In a cohort of 15 healthy volunteers we plan to record LFOs with a standard FMRI sequence combined with near infrared spectroscopy (NIRS), and a novel fast acquisition FMRI sequence. These combined techniques will allow us to fully characterise LFOs so that in the future they can be detected with standard FMRI alone. Cerebral blood flow will be experimentally manipulated to determine whether changes in LFOs can be reliably detected.
The techniques developed in this study will be incorporated into an ongoing FMRI study of subarachnoid haemorrhage but will also have applications throughout neuroanaesthesia and critical care.

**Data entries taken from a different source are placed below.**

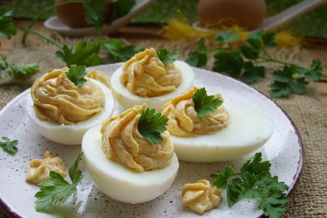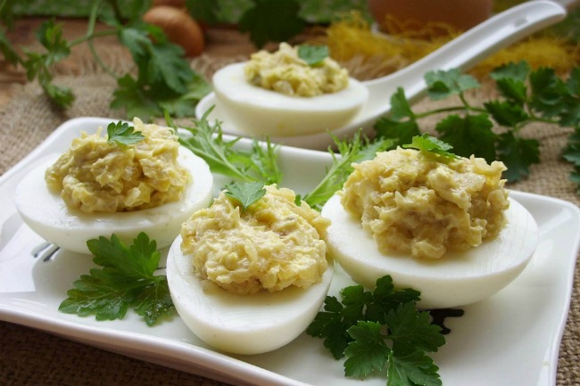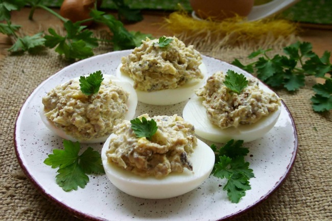 Фаршировані яйця – відмінне рішення для святкового столу. Різноманітність всіляких начинок обмежується лише фантазією господині, і, якщо не полінуватися, а зробити хоча б 5-7 видів, у гостей просто очі порозбігаються. Головне тут, зварити яйця круто, це не менше 10 хвилин після закипання, і відразу ж помістити в холодну, а найкраще, крижану, воду. Потім дати повністю охолонути. Завдяки цьому шкаралупа добре відійде від білка і яйця будуть виглядати презентабельно. Обов’язково спробуйте здивувати всіх цією простою і смачною закускою.
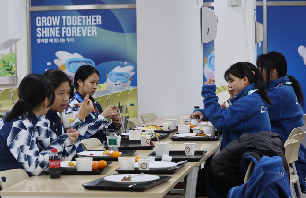 1月18日,中国运动员在冬青奥村内就餐。新华社记者 姚琪琳 摄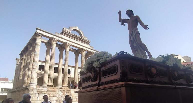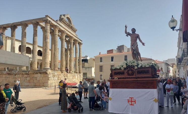 La alegría de Jesús Resucitado por las calles de Mérida puso en la mañana de este Domingo de Resurrección el punto y final a una Semana Santa única, en su quinto año como Fiesta de Interés Turístico Internacional.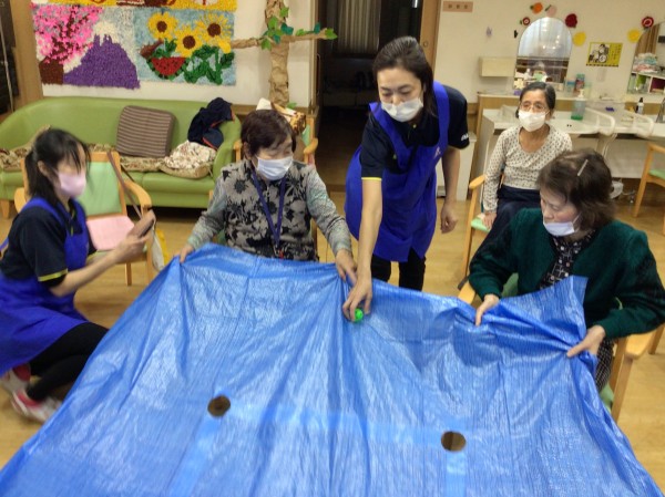 これは、皆で協力しながらブルーシートの穴にピンポン玉を入れていくゲームです。これが中々難しくて、皆さん童心にかえったように「キャーキャー」と声を上げながら楽しんでいました????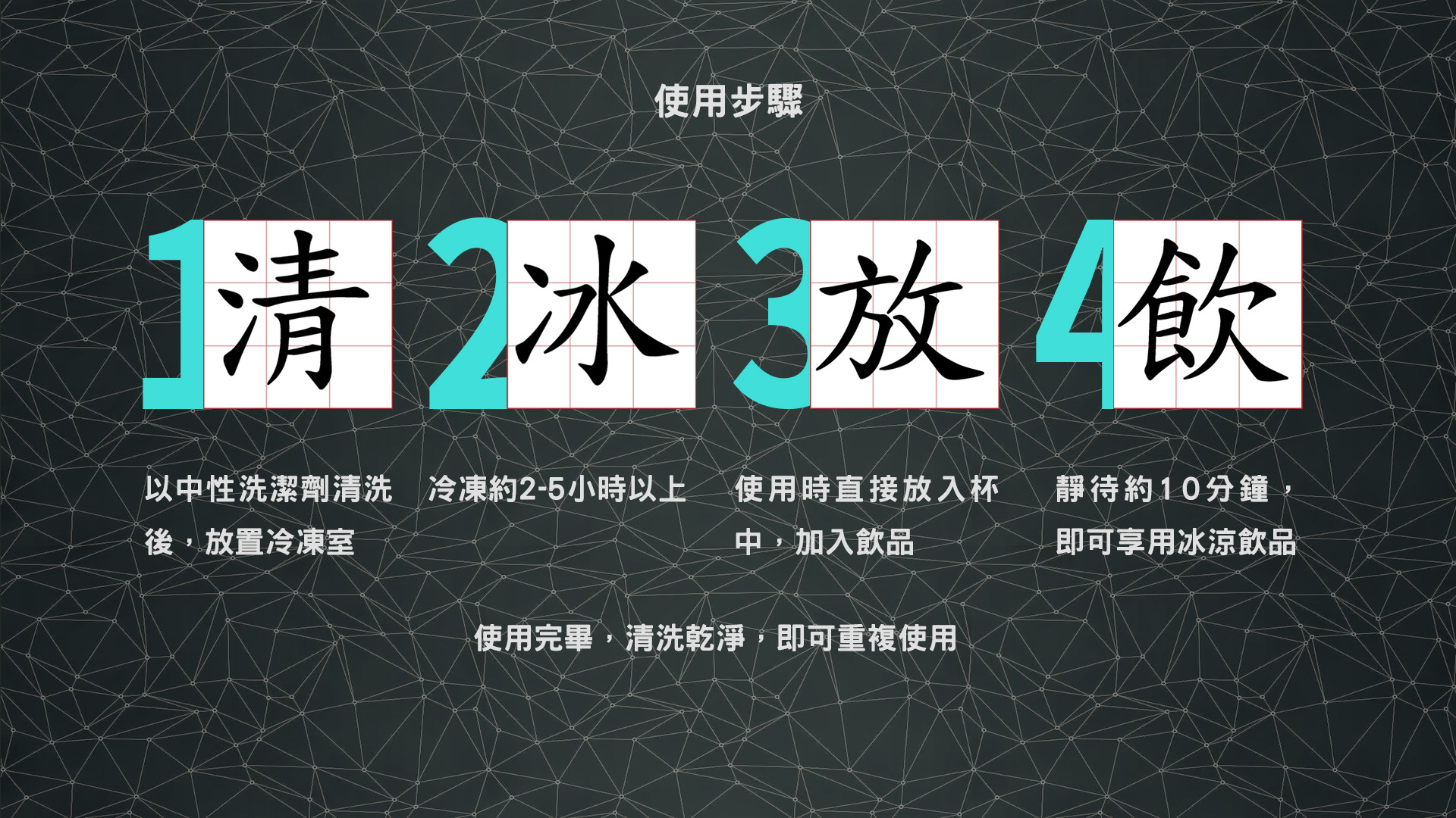 - 使用完畢,清洗乾淨,即可重複使用
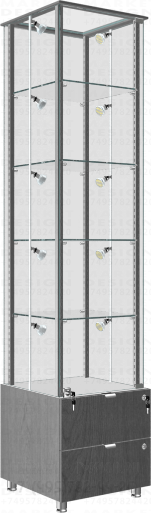 Витрина усиленная со стеклянном верхом и накопительной тумбой с выдвижными ящиками(выкатными) серии ПРИМАВЕРА. В базовой комплектации с возможностью регулировки полок по высоте, все внешние стеклянные части витрины изготавливаются из стекла марки м-1 толщиной 6мм, полки из закалённого стекла 8мм. все видимые торцевые части стекла с полированной кромкой (евро кромка). Нижняя и верхняя часть изготавливаются из мдф в сочетанием с плитой лдсп.

First year progress report from Dr K Pattinson (18 KB)
Dr Mark Rockett
Consultant in Pain Medicine and Anaesthesia, Derriford Hospital, Plymouth
The impact of Patient Controlled Analgesia (PCA) use in the Emergency Department on the prevalence of chronic pain at six months following trauma and abdominal pain
Following severe acute pain, some individuals will develop chronic pain (lasting over three months), particularly if acute pain has been poorly controlled. Chronic pain has a significant negative impact on patients' quality of life and results in high healthcare and benefit costs. Little is known about the occurrence of chronic pain following admission to the Emergency Department (ED) with severe acute pain. Currently, patients presenting to the ED in severe pain, may be recruited to the PASTIES trial and randomised to Patient Controlled Analgesia or standard care. For the proposed study, PASTIES participants will be sent questionnaires six months after recruitment, measuring the prevalence, severity and impact of chronic pain using standardised validated tools (the Brief Pain Inventory, Hospital Anxiety and Depression Scale and EQ5D quality of life measures). The proportion of participants with chronic pain will be compared between groups (PCA vs. standard care, abdominal pain vs. trauma). The effect of gender, age and overall pain score during the first 12 hours of care on the risk of chronic pain will also be studied. The findings will provide much needed long term data on pain outcomes following injury and inform pain management strategies in EDs throughout the NHS.